Without ice cream, there would be darkness and chaos.
– Don Kardong
I love ice-cream. Chocolate, vanilla, macadamia, coconut, berry, melon, cookies and cream, cookie dough—you name it and I like it. All except for green tea ice-cream. I hate it, hate it, hate it. Nearly every time we buy an ice-cream cake here in Korea we get a multi-flavoured one so that everyone can enjoy it. There is always a green tea option, but because I can see it, I can avoid it. Well, two weekends ago, one of my friends hosted a barbeque and I opted to bring dessert. Originally, I was going to make something, but I didn’t have time because I was too busy watching Dr. Who (that is a valid excuse, right?). Instead, I went to the local convenience shop and bought a Häagen-Dazs® ice-cream cake as I was convinced that it would be filled with chocolate ice-cream.
You can guess what happened, though, right? Man, I was so excited to eat it and so disappointed when I cut that first piece—green tea and vanilla. I could have cried. I was so annoyed I only ate a few bites and then spent a lot of time complaining about it and how I could have made better myself.
So the following Thursday I decided to conduct an experiment based on the advice in this Food 52 article. It was so much fun making the ice-cream cake and I thoroughly enjoyed sharing it the next day with my friends at a lemonade and ice-cream party. Even better? Everyone gave it a resounding thumbs-up!
Twix and Vanilla with Cookies and Cream ice-cream cake.
- 1¼ cup chocolate digestive biscuits,* crushed
- 4-5 tbsp melted butter
- approx. 2 pints vanilla ice-cream
- 1 cup Twix, in bite size pieces
- 1.5 cup peanut butter
- 1¼ cup Oreo wafer biscuits, in bite size pieces
- approx. 2 pints of cookies and cream ice-cream
- ½ cup fresh cream
- 1 tsp vanilla extract (if available, please use the real thing!)
- 1 tbsp Sugar**
- Butter a baking tray, or a springform cake pan and set aside. I used an 11x7x1.5 inch tray.
- Mix the melted butter with the digestive biscuits, put into the baking tray or a springform cake pan and smooth out.
- Put into the freezer for around 1 hour.
- Leave the vanilla ice-cream out for around 20 minutes before you are going to use it, so that it softens enough to mix it up. Once soft, mix in the Twix pieces.
- Remove the digestive biscuits from the freezer and spread the Twix-mix on the biscuits. Place back in the freezer for around 2 hours (don’t go under a minimum of an hour).

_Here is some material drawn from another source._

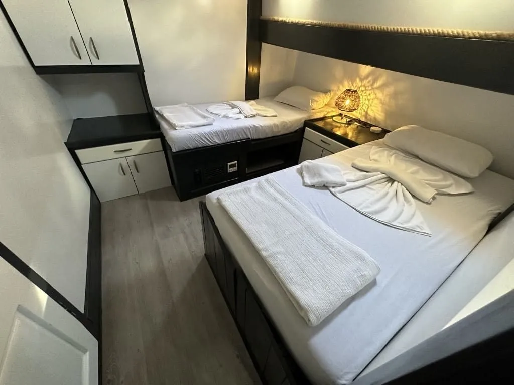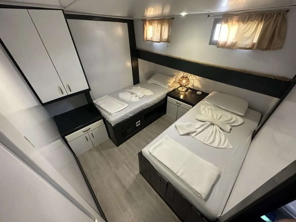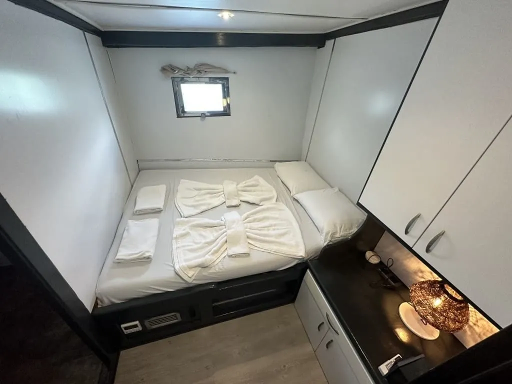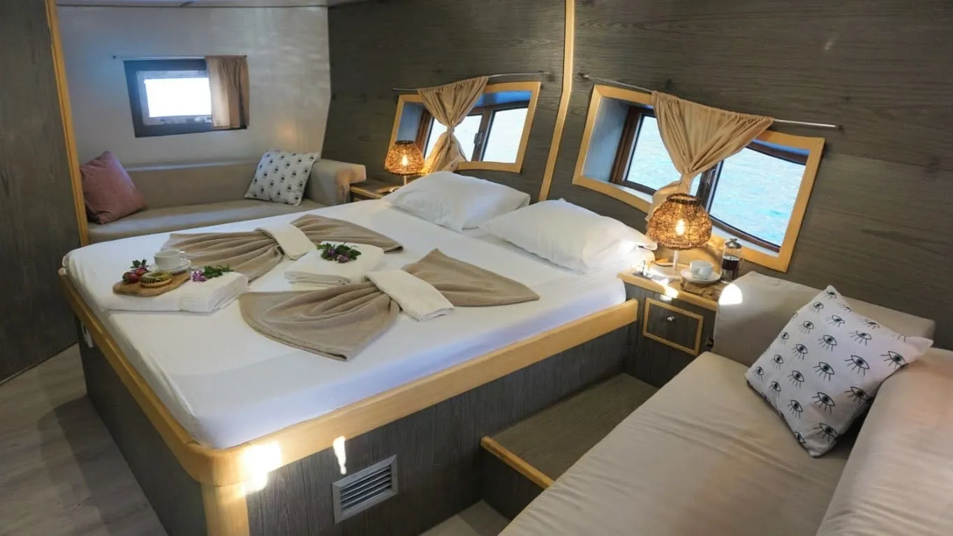 Fethiye’nin eşsiz koylarında huzurlu ve keyifli bir tatil yapmak isteyenler için Aria Gulet, konfor ve eğlenceyi bir arada sunan ideal bir teknedir. 27 metre uzunluğundaki bu özel gulet, 6 kabini ile 12 kişiye kadar misafir ağırlama kapasitesine sahiptir. Her kabinde özel duş ve WC bulunurken, gece boyunca kesintisiz klima hizmeti sunularak konforlu bir konaklama sağlanır.

- Remove once more from the freezer, and spread the peanut butter on top of the ice-cream. Sprinkle the oreo wafers on top of the peanut butter and place in the freezer again for a minimum of 2 hours. If you want, you may reserve some of the oreo to mix in with the cream and remaining ice-cream.
- Then whip the cream well with the sugar and vanilla***.
- Again, leave the ice-cream out for around 20 minutes or until soft enough to fold in the cream. If using, add the remaining oreos at this stage.
- Place back in the freezer for a minimum of 2 hours, but longer would be preferable.
- Remove from the freezer about 10 to 15 minutes before you are ready to serve.
- Share with your friends and/or family and enjoy!
*Graham crackers can be used in place of digestive biscuits.
**I used only 1 tbsp of sugar, however you can adjust to your own tastes and preferences (remember you are going to mix with the cookies and cream ice-cream so you don’t want it to be too sweet).
***I only lightly whipped it but not enough that it was peaked. I would recommend whipping it a little more than I did as it will hold it’s shape a little better when mixed with the ice-cream. I also only had an hour and a half before I would be serving to friends and it wasn’t quite enough time for this last layer to set, hence the above recommendation of a minimum of 2 hours after the last layer and the slightly melted look in the photo.
Make it ahead of time: This is an easy recipe to make ahead, either the night before or a couple of days before. Once everything is set, cover with clingfilm or aluminium foil.
Make it your own: As mentioned in the Food 52 article (link above), you can always adjust things to your own tastes. If you don’t like the flavours of ice-cream I’ve used, substitute your favourite.